Elizabeth Gilbert, whose “Eat Pray Love” was both highly acclaimed and highly popular, has returned with a terrific new novel, “City of Girls”, surprising in scope, depth, and acuity. Partly an adventurous romp, this rite-of-passage novel about a nineteen year old, unfocused, seemingly spoiled upper middle class young women from small-town, Upstate New York becomes a serious feminist book, which the reader won’t be expecting, and which is part of this wonderful novel’s structure and appeal.

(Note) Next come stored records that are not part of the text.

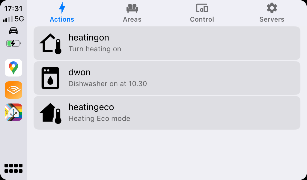 The Home Assistant app has four tabs: Actions, Areas, Control and Servers. Areas gives you the list of rooms that you have defined, and from there you can access some of your devices. Control gives you a big list of all of the devices that have a function that can be controlled whilst using CarPlay – mainly buttons and switches. Meanwhile the Servers tab is there in case you’re able to log in to more than one Home Assistant instance.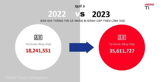 Theo thống kê từ Báo cáo Viettel Threat Intelligence của Công ty An ninh mạng Viettel, trong năm 2023 Việt Nam có 12 triệu tài khoản bị xâm nhập và 48 triệu bản ghi dữ liệu cá nhân, tổ chức bị rò rỉ và được rao bán trên không gian mạng. Cụ thể, có hơn 11.000 tài khoản giáo dục và hơn 30.000 tài khoản ngân hàng bị xâm nhập, gây thiệt hại hơn 16 tỷ đồng. Cùng với đó, 10.552 tài khoản của các đơn vị bán lẻ, 26.654 tài khoản các đơn vị sản xuất bị xâm nhập và đánh cắp… Con số này tăng 200% so với năm ngoái.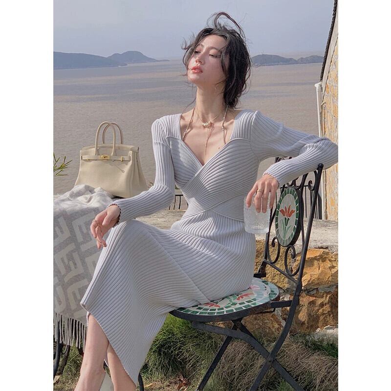 冬のスカートとコートはウエストを絞って細く見せます。女神のようなシックで個性的なインナーニットセータードレスです。 ウィンター 冬物 yingd72249123885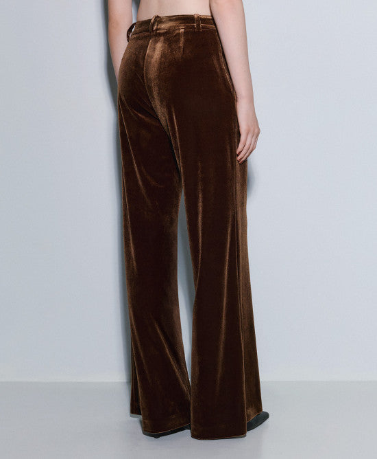 Velvet wide-leg trousers with side pockets and belt loops. Pair them with the matching velvet blazer from the brand Access for a lush look.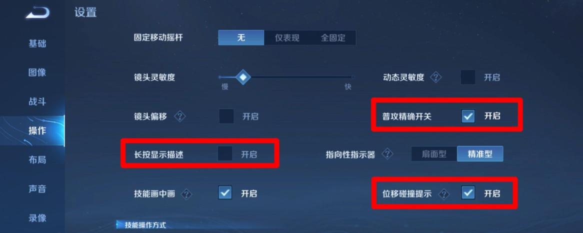 入门级玩法靠镜头偏移设置。在操作设置里打开镜头跟随技能方向偏移,玩干将、王昭君、西施这类长手英雄时,释放技能的瞬间,镜头会自动跟着技能方向移动,相当于自带拉三指效果,不用手动调整就能看到技能落点的视野,技能命中率至少提升一半。
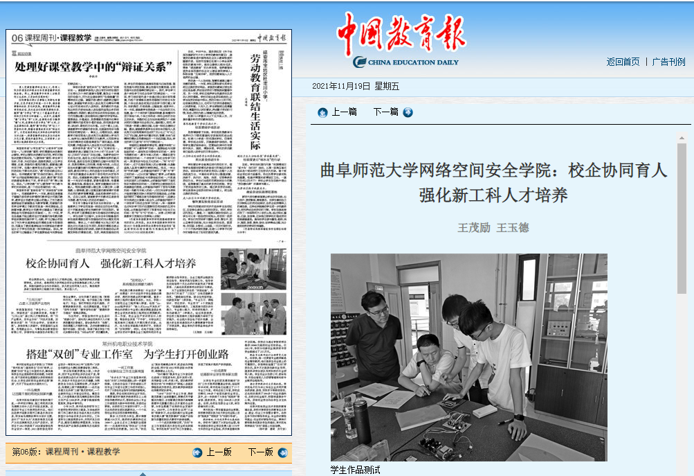 【中国教育报】开元足球_开元(中国)网络空间安全学院:校企协同育人 强化新工科人才培养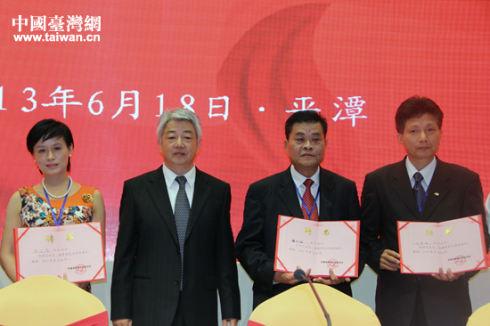 平潭綜合試驗區黨工委委員、管委會副主任趙曉波向擔任協會榮譽職務的兩岸精英頒發聘書。(中國臺灣網 王思羽 攝)

Vivian Morris, the narrator/protagonist, has spent a useless, pointless freshman year at Vassar in the early l940s, where she skips classes and flunks out. She’s interested in little except clothes and the like; after she leaves school, and briefly returns home (her father runs a large mining company and her mother does horse shows and volunteer work), she’s sent to New York City to live with her Aunt Peg, who runs a somewhat tawdry live theater, located where the Port Authority now is. Peg’s an eccentric, to say the least; married but living separately from her husband, also in theater/movies in Hollywood, it’s clear that Aunt Peg’s living as a lesbian with a dour woman she’d met in England doing Red Cross work in England who also makes sure the bills are paid and the lights stay on in the theater, which caters to less affluent neighborhood men. The theater stays alive with live light entertainment, plays/musicals with silly plots and lots of showgirls. Aunt Peg and her partner live above the theater (most theaters had apartments above them, on the third and fourth floors; it was not uncommon for the theater owners/producers to keep girlfriends in them). Vivian is given an apartment, where she meets the other tenants/regulars, all involved with the theater, the most compelling of whom is the unforgettable Celia Ray (born with a Polish name from the Bronx, Ray is the ultimate showgirl sex goddess, who promptly moves into Vivian’s apartment and bed and out of a literal closet she’d been sleeping in). Sundry other characters involved with the plays live there, too; Vivian’s eyes are opened quickly by the world of the stage and people she’d never dreamed existed while living in Clinton,New York. And Vivian has been sewing her own clothes for years, and begins to both create and design costumes for the showgirls in the plays.
When the famous actress Edna arrives from bombed-out London, she and her showboy , much younger husband also move into the theater; a serious dramatic actress, Edna’s a longtime friend of Aunt Peg’s. To make a long story short, Aunt Peg’s ne’er do well husband returns to create a comic musical starring Edna, which may well save this little theater. Meanwhile, though, Vivian, having befriended the showgirls, has been deflowered by a male friend of the girls, and begins her sexual odyssey and her romp through such nightclubs at The Stork Club in New York, always with Celia Ray: Gilbert’s done a superb job in recreating this New York theater scene from the war years; this part of the novel is fun and lively , until Vivian gets caught in a three way with Edna’s husband.
After a brief return to Clinton/home, where she almost but doesn’t marry a local boy made good (the breaking of this engagement is hilarious), Vivian will return to New York: what happens to her in the next sixty years is much condensed. She’s made a good female friend in her theater days with a woman whose family is in the rag trade–that’s where Vivian found all the materials for her costumes–and these two women end up starting a business making custom made bridal gowns–but they also build a life together, living above the story, though separately.
This novel excels at examining the lives of a variety of women (the girls of the title), how they interact and how they help one another; watching Vivian go from being a spoiled, unexamined woman to one of achievement and assurance is a wonder: don’t expect Vivian to become a judge or a professor or some such; her basic character doesn’t change, but as she matures and learns to be independent (she doesn’t marry by choice) long after the theater has closed makes this novel one of the finest books about the education/maturation of one young, unfocused woman through life experiences and good friendships (and a native talent for sewing). At times, the novel is immensely moving/touching/elegiac; the brief return, for example, of Celia Ray decades later is remarkable writing . Gilbert knows how to condense years of living into single paragraphs as she fast forwards the novel, as she heats up the emotional tempo of the book, which is also about resilience, about the magnificence of New York, a city full of former small town Americans, and about the growth of women; she creates as diverse a cast of characters as you’re likely to read about: the novel is quintessentially American in its nod to entrepreneurial spirit and opportunities for creative expression.
A pitch-perfect novel with a riveting plot, a serious feminist book without any preaching, a novel which repeatedly celebrates New York and integrates people of wildly diverse backgrounds, “City of Girls” is now one of the best ten novels of 2019 so far. It’s also hugely fun and intensely visual, and I recommend it wholeheartedly.